(Beginning of Given data)
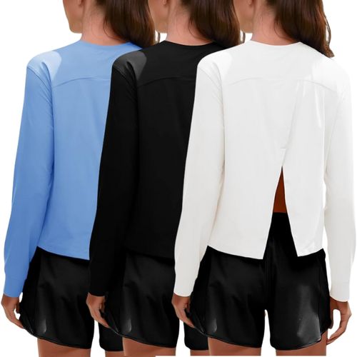 Fisoew Workout Top blends comfort and performance in style 💪 Split back design, crewneck fit, and breathable long sleeves 🏃‍♀️.
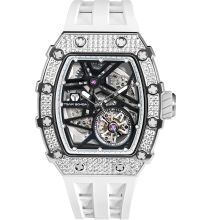 El brazalete de Caucho de alta calidad - color: Blanco - con Hebilla desplegable le proporcionará un placer adicional con su nuevo reloj Tsar Bomba. El brazalete de Caucho ofrece una gran comodidad de uso y puede llevarse hasta una circunferencia de muñeca máxima de mm.
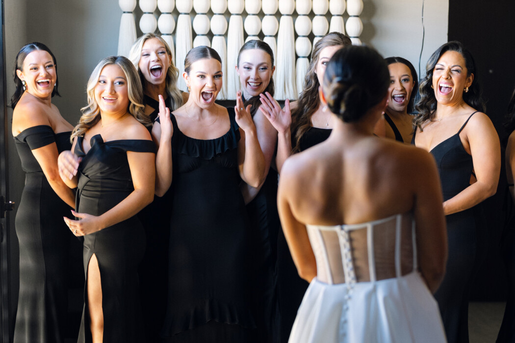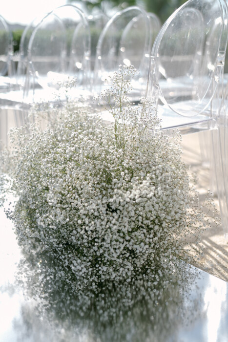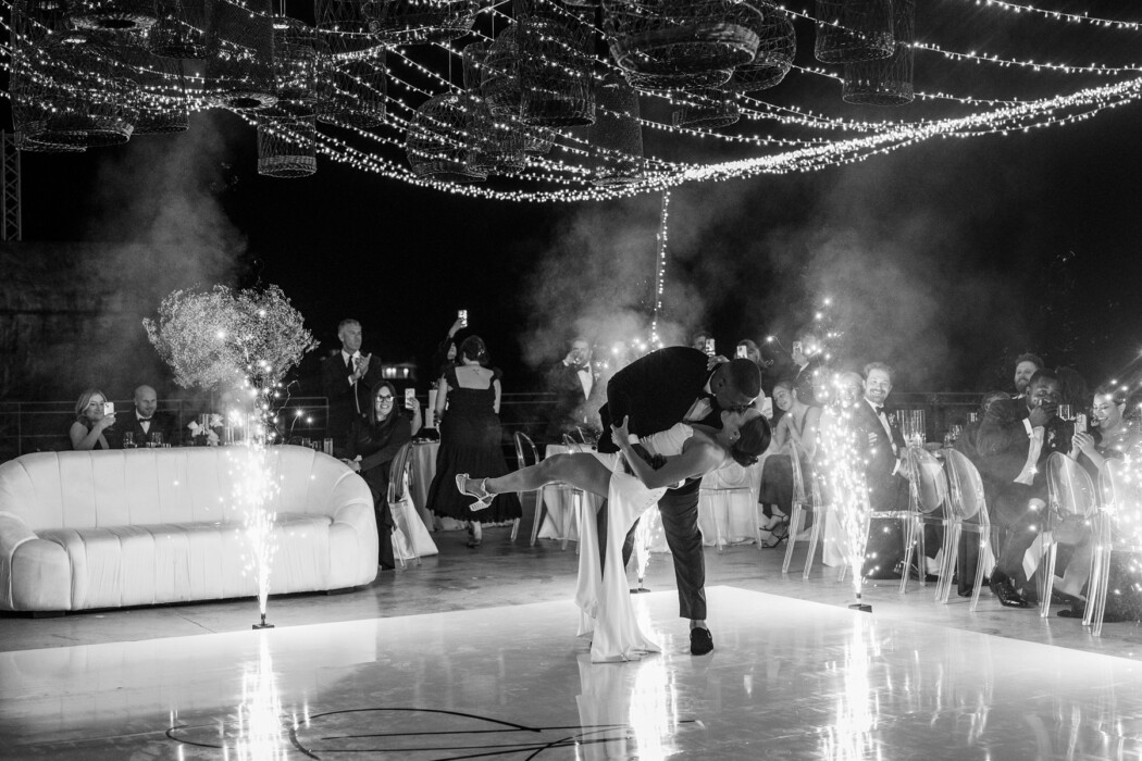 The destination wedding took place on The Cape’s outdoor property. “My vision for the wedding was very clean,” Victoria says. “I wanted the ocean, the arches, and the sunset to be the focus, so we chose black and white as the colors.” The minimalist look was completed with ghost chairs, a mirrored aisle, and a 15-foot arch of baby’s breath framing the altar, all of which added drama without detracting from the natural scenery. “It was very wow,” says the bride.
(End of Given data)
# Exercise directions
Keeping both end lines, retype exactly the lines from the first line of the material through the line that contains "El brazalete de Caucho de", but not the pictures.

# Response
 Fisoew Workout Top blends comfort and performance in style 💪 Split back design, crewneck fit, and breathable long sleeves 🏃‍♀️.
 El brazalete de Caucho de alta calidad - color: Blanco - con Hebilla desplegable le proporcionará un placer adicional con su nuevo reloj Tsar Bomba. El brazalete de Caucho ofrece una gran comodidad de uso y puede llevarse hasta una circunferencia de muñeca máxima de mm.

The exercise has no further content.